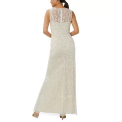 Puff sleeves lend a beautiful finish to this beaded gown from Adrianna Papell.
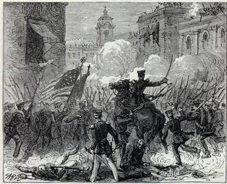 On September 12, in the early morning, the bombardment ceased. The defenders of the fort, about 800 hardened soldiers and 300 teen age cadets, readied for the American assault. The knew they were the last line of defense of the city. American infantry and marines rushed the wall with scaling ladders. The climb was about 14 storeys high. Mexicans, above, fired point blank at the climbers. Americans scaled the walls and hand to hand combat ensued. Nearly all of General Bravo's forces were mercilessly hacked to death. The few remaining cadets threw themselves from the wall in a mass suicide rather than submit to the Yanquis. They are now memorialized as the "Boy Heroes" ----Los Ninos Heroes.
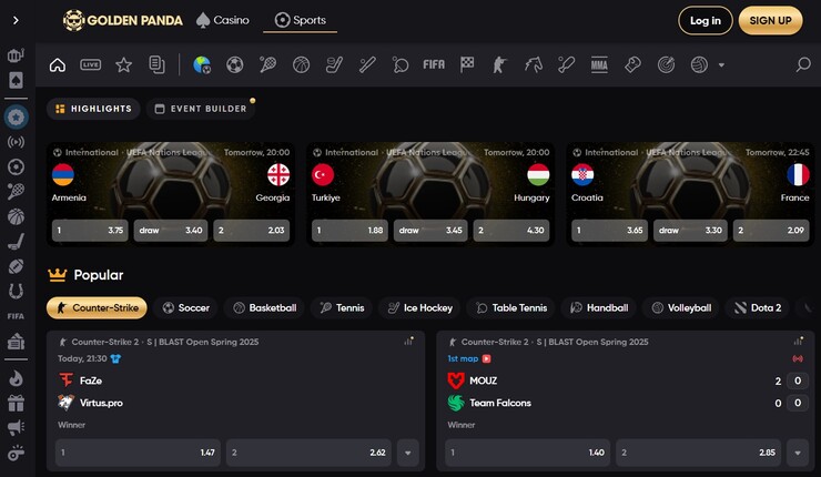 - Golden Panda – онлайн-сервис с большим выбором спортивных и киберспортивных состязаний и выгодным кэшбэком;

====

(TASK DESCRIPTION): Everything in the material goes into the copy exactly, except the images.

(SOLUTION BELOW):
 Puff sleeves lend a beautiful finish to this beaded gown from Adrianna Papell.
 On September 12, in the early morning, the bombardment ceased. The defenders of the fort, about 800 hardened soldiers and 300 teen age cadets, readied for the American assault. The knew they were the last line of defense of the city. American infantry and marines rushed the wall with scaling ladders. The climb was about 14 storeys high. Mexicans, above, fired point blank at the climbers. Americans scaled the walls and hand to hand combat ensued. Nearly all of General Bravo's forces were mercilessly hacked to death. The few remaining cadets threw themselves from the wall in a mass suicide rather than submit to the Yanquis. They are now memorialized as the "Boy Heroes" ----Los Ninos Heroes.
 - Golden Panda – онлайн-сервис с большим выбором спортивных и киберспортивных состязаний и выгодным кэшбэком;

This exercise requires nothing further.